Python has an simple implementation as well.
def three_digit_geometric(final): tens = [100, 10, 1] n1 = sum([tens[i]*final[i] for i in range(len(final))]) n2 = 10 * (n1 % 100) + n1 // 100 n3 = 10 * (n2 % 100) + n2 // 100 if n2 / float(n1) == n3 / float(n2) and n3 != n2: print n1, n2, n3, '->', final, 'r=%g' % (n3 / float(n2)) def rfor(current, final_func, level, args): for i in args[0]: current[level] = i if len(args) == 1: globals()[final_func](current) else: rfor(current, final_func, level+1, args[1:]) def main(): a, b, c = [range(1, 10)] * 3 rfor([0] * 3, 'three_digit_geometric', 0, [a, b, c])
As a last task, let’s solve one more fun challenge: The four six-digit numbers $ABCDEF$, $CDEFAB$, $FABCDE$, and $DEFABC$ for an arithmetic sequence. Find all possible values of ($A$, $B$, $C$, $D$, $E$, $F$).
This could probably be solved analytically. To avoid 3 equations and 6 unknowns, you would want to treat $AB$ and $DE$ as individual variables, reducing the problem to 4 unknowns (and knowledge of which should be 1-digit a 2-digit). This will be left to the reader as an exercise ;)
Here’s the code for the brute force solution (note how some digits are allowed to be zero but not others).

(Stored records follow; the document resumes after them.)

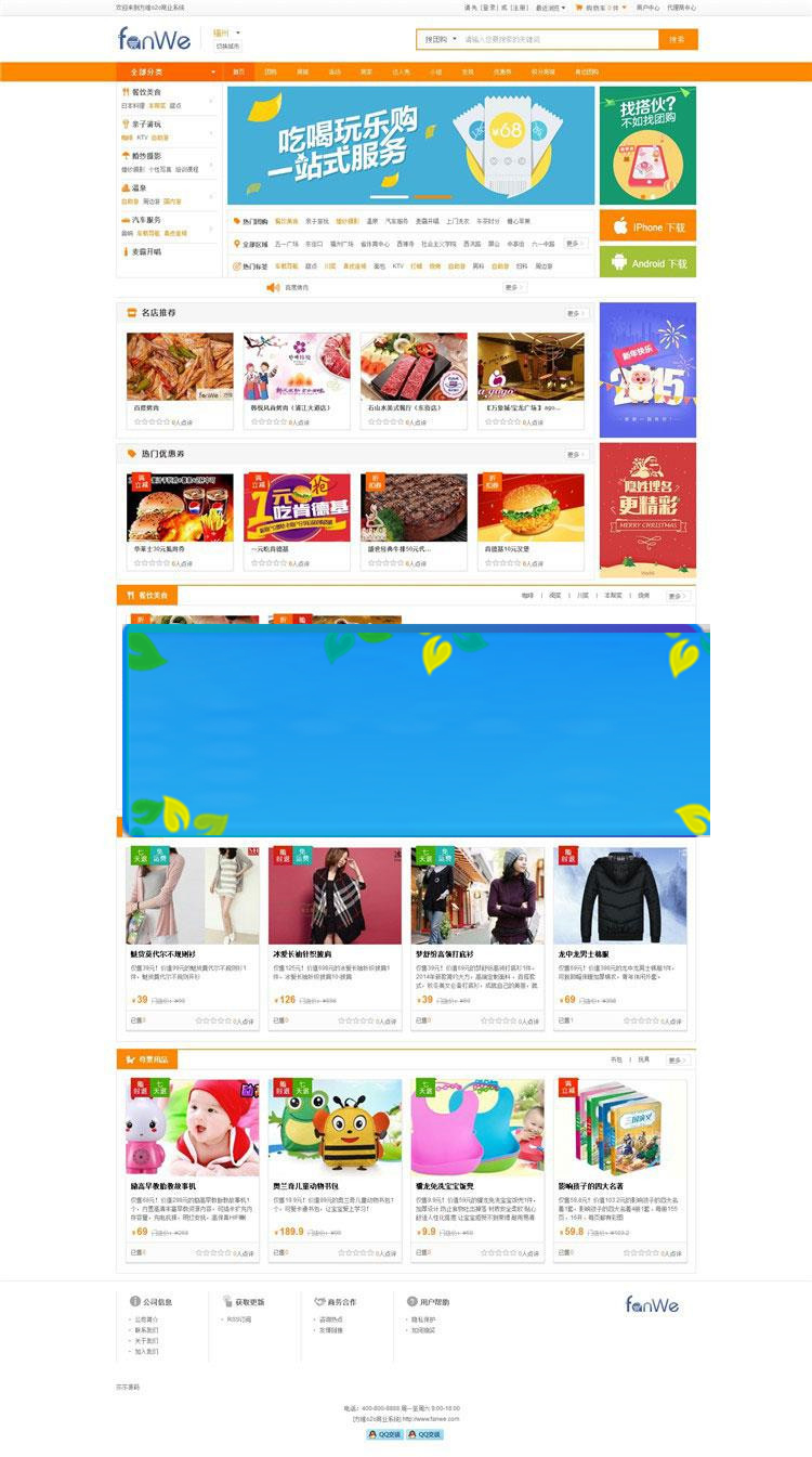 全新UI设计,重新界面布局,非常不错的O2O本地生活服务平台网站程序,系统主要功能包括:团购、商城、同城活动、商家、达人、讨论租、发现(分享)、优惠券、积分商城等。该程序支持手机浏览器访问,希望打造生活服务类网络平台的朋友不妨试试这个程序。支持分销商、分销、外卖、到店支付等功能!
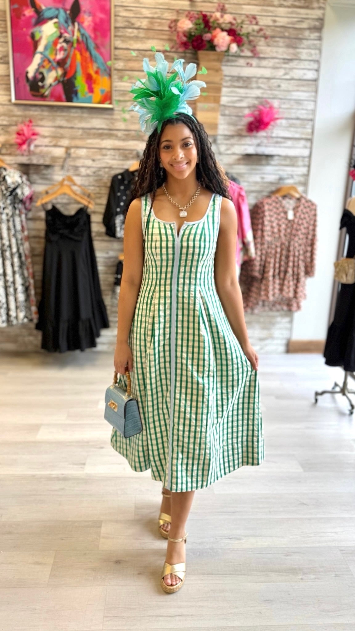 Melanie Gingham Check Midi Dress - Kelly Green
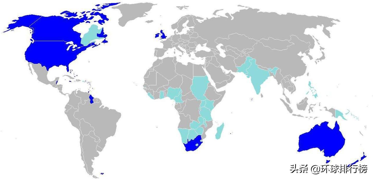 北美的美国、加拿大,欧洲的英国,大洋洲的澳大利亚,亚洲的印度,还有非洲过半数国家,都将英语定为官方语言。从说英语国家的疆域来说,无疑是第一位的。从说英语国家的经济来说,也是第一位的。

a=1:9; b=0:9; c=1:9; d=1:9; e=0:9; f=1:9; rfor([], 'six_digit', a, b, c, d, e, f); function [] = six_digit(final) tens = [100000 10000 1000 100 10 1]; N1 = dot(final(1:6), tens); N2 = dot(final([3:6 1:2]), tens); N3 = dot(final([6 1:5]), tens); N4 = dot(final([4:6 1:3]), tens); if N2-N1==N3-N2 && N4-N3==N3-N2 && N3>N2 fprintf('%d, %d, %d, %d, %d, %d -> ', final); fprintf('%d, %d, %d, %d, d=%d \n', N1, N2, N3, N4, N3-N2); end end
Here’s the output
1, 0, 2, 5, 6, 4 -> 102564, 256410, 410256, 564102, d=153846 1, 5, 3, 8, 4, 6 -> 153846, 384615, 615384, 846153, d=230769 1, 6, 2, 3, 9, 3 -> 162393, 239316, 316239, 393162, d=76923 2, 1, 3, 6, 7, 5 -> 213675, 367521, 521367, 675213, d=153846 2, 6, 4, 9, 5, 7 -> 264957, 495726, 726495, 957264, d=230769 2, 7, 3, 5, 0, 4 -> 273504, 350427, 427350, 504273, d=76923 3, 2, 4, 7, 8, 6 -> 324786, 478632, 632478, 786324, d=153846 3, 8, 4, 6, 1, 5 -> 384615, 461538, 538461, 615384, d=76923 4, 3, 5, 8, 9, 7 -> 435897, 589743, 743589, 897435, d=153846 4, 9, 5, 7, 2, 6 -> 495726, 572649, 649572, 726495, d=76923 6, 0, 6, 8, 3, 7 -> 606837, 683760, 760683, 837606, d=76923 7, 1, 7, 9, 4, 8 -> 717948, 794871, 871794, 948717, d=76923
So there are $12$ solutions.
Again if you are wondering where these came from, look no further than repeating decimals for fractions with $117$ (one of the many divisors of $999, 999$) in the denominator.